Using the data profiling tools
The data profiling tools provide new and intuitive ways to clean, transform, and understand data in Power Query Editor. They include:
Column quality
Column distribution
Column profile
To enable the data profiling tools, go to the View tab on the ribbon. In Power Query Desktop, enable the options you want in the Data preview group, as shown in the following image.
In Power Query Online, select Data view, then enable the options you want in the drop-down list.

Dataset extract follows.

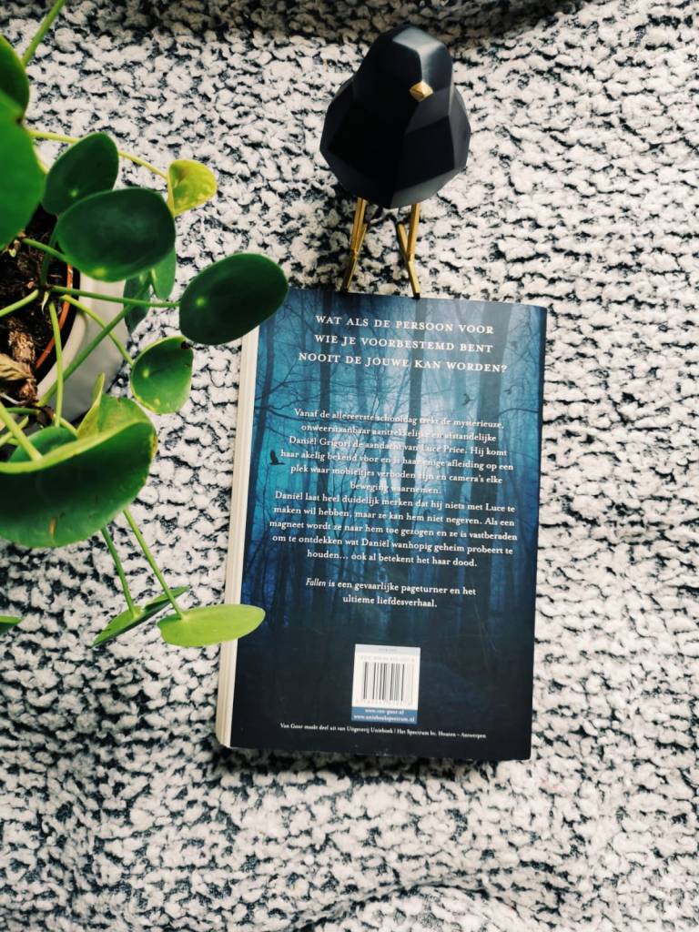 Doordat ik ooit de trailer van een film had gezien over Fallen wist ik stiekem al een beetje waar het over ging. Nadat ik de proloog had gelezen, was ik eigenlijk helemaal teleurgesteld. De proloog gaf namelijk veel te veel weg en doordat ik de trailer had gezien, kon ik net zo goed het boek wegleggen want ik wist nu toch wel waar het heen ging. Dat dacht ik in elk geval…. Want niets was minder waar. Dit verhaal zit zo ontzettend goed in elkaar. Het is ontzettend mysterieus. Want waarom doet Daniël zo raar tegen Luce, terwijl ze elkaar niet eens kennen? En waarom is Luce zo ontzettend geobsedeerd met Daniël terwijl hij zo gemeen tegen haar doet. Maar ook op de school waar Luce zit en wat er in haar verleden is gebeurt is zo ontzettend mysterieus. Ik moest gewoon antwoorden hebben op deze vragen, dus ik bleef maar doorlezen. Maar naast dat het mysterieuze een enorm pluspunt had, was dit verhaal ook heel gedetailleerd beschreven. Ik kon alles voor mij zien wat Lauren Kate (de schrijver) had opgeschreven. Ik kon zelfs bijna de geur van het bos ruiken en voelen hoe het is om midden in een kerk te zwemmen. Daarnaast was het boek ook de hele tijd heel verrassend. Ik kon niks voorspellen en ik zat bij het ene na het andere plot vol verbazing door te lezen. En als laatste had dit boek een mega en gigantisch goed liefdesverhaal. Wat het hele verhaal bijna, met de nadruk op bijna, perfect maakte.

After you enable the options, you'll see something like the following image in Power Query Editor.
Note
By default, Power Query performs this data profiling over the first 1,000 rows of your data. To have it operate over the entire data set, select the Column profiling based on top 1000 rows message in the lower-left corner of your editor window to change column profiling to Column profiling based on entire data set.
Column quality
The column quality feature labels values in rows in five categories:
Valid, shown in green.
Error, shown in red.
Empty, shown in dark grey.
Unknown, shown in dashed green. Indicates when there are errors in a column, the quality of the remaining data is unknown.
Unexpected error, shown in dashed red.
These indicators are displayed directly underneath the name of the column as part of a small bar chart, as shown in the following image.

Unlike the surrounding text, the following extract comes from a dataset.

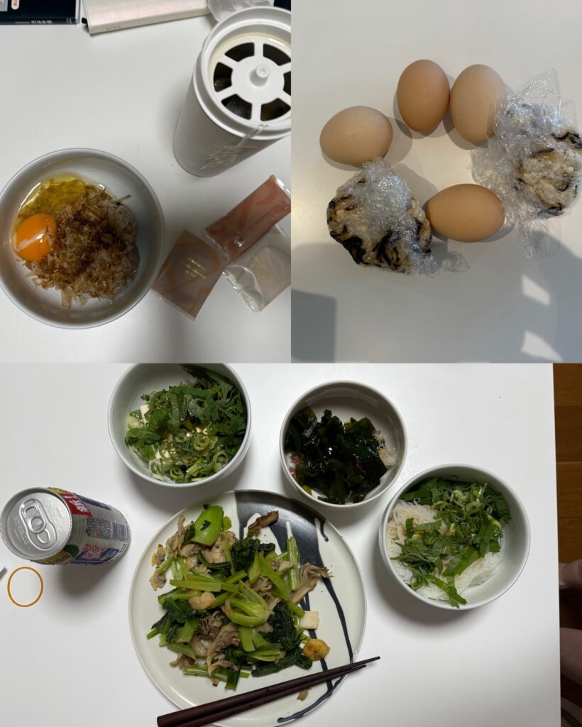 食事:朝:卵かけご飯、プロテイン、クッキー、

The number of records in each column quality category is also displayed as a percentage.
By hovering over any of the columns, you're presented with the numerical distribution of the quality of values throughout the column. Additionally, selecting the ellipsis button (...) opens some quick action buttons for operations on the values.
Column distribution
This feature provides a set of visuals underneath the names of the columns that showcase the frequency and distribution of the values in each of the columns. The data in these visualizations is sorted in descending order from the value with the highest frequency.
By hovering over the distribution data in any of the columns, you get information about the overall data in the column (with distinct count and unique values). Distinct refers to the overall number of different values in each column. Unique refers to values that only have a single instance in the column. You can also select the ellipsis button and choose from a menu of available operations.
Column profile
This feature provides a more in-depth look at the data in a column. Apart from the column distribution chart, it contains a column statistics chart. This information is displayed underneath the data preview section, as shown in the following image.
Filter by value
You can interact with the value distribution chart on the right side and select any of the bars by hovering over the parts of the chart.
Right-click to display a set of available transformations for that value.
Copy data
In the upper-right corner of both the column statistics and value distribution sections, you can select the ellipsis button (...) to display a Copy shortcut menu. Select it to copy the data displayed in either section to the clipboard.
Group by value
When you select the ellipsis button (...) in the upper-right corner of the value distribution chart, in addition to Copy you can select Group by. This feature groups the values in your chart by a set of available options.
The following image shows a column of product names that are grouped by text length. After the values are grouped in the chart, you can interact with individual values in the chart as described in Filter by value.